A fast train is coming, and it’s headed for this generation of children, and the next.
Multi-billionaire Mark Zuckerberg, the young founder of Facebook, wants to launch an under-13 social networking service. This past week, Headline News Network’s asked me to write my own commentary about this, on HLN’s Web site. You can read it here.
I’d like to elaborate a bit here, both on the growing encroachment of electronics and about one way to counter the trend — not by trashing technology, but by offering a balance to it; not by just saying no, but by saying yes to a nature-rich life for our kids and ourselves.
Not long after the Facebook announcement, Lauren Ashburn, in a disturbing article for the The Daily Beast, asked the right question: “In the age of online child porn, cyber-bullying, and privacy violations, do we really need our children on Facebook, even if it’s linked to an adult’s membership?”
She and others also took on the complicity of parents. Some 5.6 million children under the age of 13 are already on the social networking site, according to Consumer Reports, and over a third of their parents know it. Many of these helped their children join Facebook — which required faking their kid’s age.
There’s a fascinating mirroring going on here, between virtual life and the physical world.
Ashburn pointed to one study that shows that “poorer children, who are falling behind in school, spend an average of 90 minutes more each day than their affluent counterparts playing games with devices their families bought but can’t really afford, like the Xbox, Wii, and iPad.”
Now consider a recent USDA Forest Service survey using aerial photography, which found that tree cover in 17 of the 20 analyzed cities had “statistically significant declines in tree cover,” at a rate of about 4 million trees per year. Particularly in urban neighborhoods, technology grows as trees shrink.
In contrast to this gloomy news, we’re happy to report that the children and nature movement is growing.

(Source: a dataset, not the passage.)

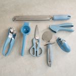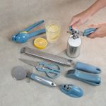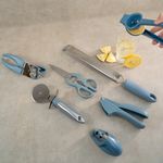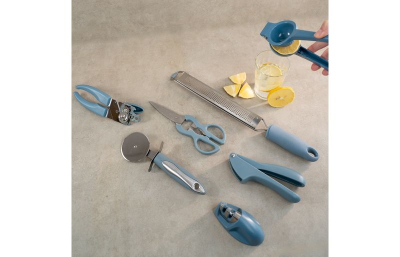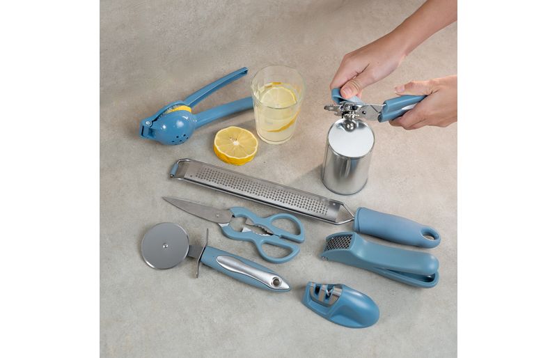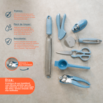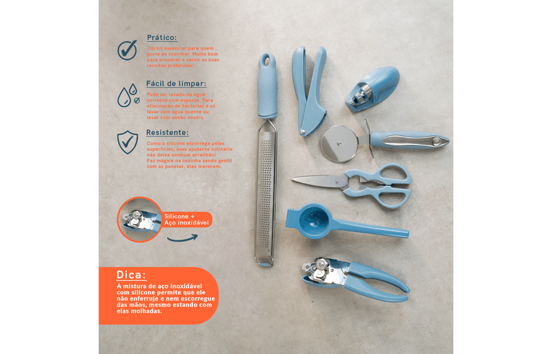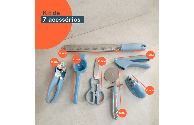 Esse é o kit de 7 acessórios essenciais oikos. esse kit contém : 1 ralador régua fino de inox com cabo - oikos 1 espremedor de alho - oikos 1 abridor de latas multiuso - oikos 1 tesoura culinária multiuso - oikos 1 cortador de pizza - oikos 1 espremedor de limão - oikos 1 afiador de facas – oikos esse é o ralador régua fino e com cabo da oikos - que tem como missão fazer o trabalho duro por você. versátil: peça coringa no preparo de receitas, ele rala legumes, frutas, frios, biscoitos, chocolates, queijos e mais! design prático: seu formato em régua permite ralar diretamente no prato, panela ou tigela - é só apoiar a base de silicone na mesa e segurar pelo cabo, que também é de silicone. durável e resistente: a mistura de aço inoxidável com silicone permite que ele não enferruje e nem escorregue das mãos, mesmo estando com elas molhadas. esse é o espremedor de alho da oikos. chapa articulada e higiênica: basta pressionar a chapa no sentido oposto da saída do alho triturado, assim ela desencaixa sem soltar, mais fácil de limpar. design ergonômico: por ter hastes ergonômicas e longas, esse espremedor encaixa direitinho na palma da mão e mantém seus dedos livres do cheiro forte que o alho pode deixar. esse é o abridor de latas da oikos, aquele parceiro que protege contra acidentes ao abrir latas e garrafas. abre latas: basta encaixar o abridor na beirada, apertar e girar a manivela. sem rebarbas: por abrir latas uniformemente, gera uma borda bem lisa - sem aquelas rebarbas pontudas que machucam, sabe? abre garrafas: é só encaixar na garrafa a ponta que fica ao lado do furo passante, abrir e brindar. ergonômico: seu suporte tem um toque suave que encaixa confortavelmente em qualquer mão. essa é a tesoura culinária e multiuso da oikos. multiuso mesmo: abre garrafas, quebra nozes, corta ossos e cartilagens e ainda descama peixes! resistente e durável: feita de metal e plástico. otimiza bem o espaço: essa tesoura é uma mão na roda para pequenos espaços, já que une diferentes ferramentas em uma só. esse é o cortador de pizza de inox da oikos. prático: um item essencial para quem gosta de cozinhar, tem como missão cortar até as massas mais grossas sem esforço e sem deixar manchas. versátil: com rolagem suave, permite o corte de pizzas, massas e verduras enquanto mantém seguras as pontas dos seus dedos. design ergonômico: seu cabo de silicone garante uma maior firmeza, muito fácil de usar. resistente: feito de inox, esse cortador de pizza é bem durável. esse é o espremedor de limão da oikos e tem como missão trazer praticidade no preparo de suas bebidas! versátil: vai da limonada até a caipirinha, passando pelos alimentos temperados direto na panela ou no prato. prático: suas hastes maciças e longas ajudam a evitar o contato da acidez do limão com a pele - previne queimaduras de limão no sol. durável e resistente: por ser feito de material metálico, tem grande durabilidade e resistência e garante o máximo de suco com o mínimo de esforço para o seu dia a dia! esse é o afiador de facas da oikos. com sua base antiderrapante, garante firmeza da afiação enquanto o aço de tungstênio amola a lâmina, a cerâmica dá o polimento final, dando aquele brilho para suas facas. sua limpeza é externa, não sendo necessário lavar com água nem sabão, mas sim apenas utilizar um pano macio levemente umedecido.

We’re seeing impressive progress by such organizations as the National Wildlife Federation and the Nature Conservancy. The American Academy of Pediatrics has intensified its efforts to get children outdoors. And such companies as REI, The North Face, Disney and CLIF Bar are stepping up their engagement.
C&NN is striding ahead, too, as reflected in the results of The Children & Nature Network 2011 Grassroots Leadership Survey, an independent survey commissioned by C&NN with funding from the W.K. Kellogg Foundation. The survey focused on efforts associated with C&NN: the regional, statewide and provincial campaigns to connect children, families and communities to nature. Among the results reported:
• The number of children and youth getting outdoors in nature, as a result of the efforts of the Network and its members, has tripled – from 1 million in 2009 to 3 million in 2012. (As of this month, there are more than 100 affiliated campaigns and more than 100 nature clubs for families in more than 40 states.)
• Survey participants reported increased awareness of the importance of nature for children’s healthy development, more participation by pediatricians, growing community support, and more development of places to play and learn outdoors in nature. And more underserved youth were engaged in outdoor nature-based experiences during 2011.
Here’s more good news. C&NN’s second annual Let’s G.O.! (Get Outside) initiative was held throughout the month of April in 2012. There were more than 600 Let’s G.O.! events held in 50 states, with more than 300,000 participants — an almost 200 percent increase in participants from the more than 100,000 participants in 2011.
We’re deeply impressed by the extraordinary efforts of so many people and organizations. In fact, it would be easy for the children and nature movement to rest on its laurels. But we can’t. Not for a second.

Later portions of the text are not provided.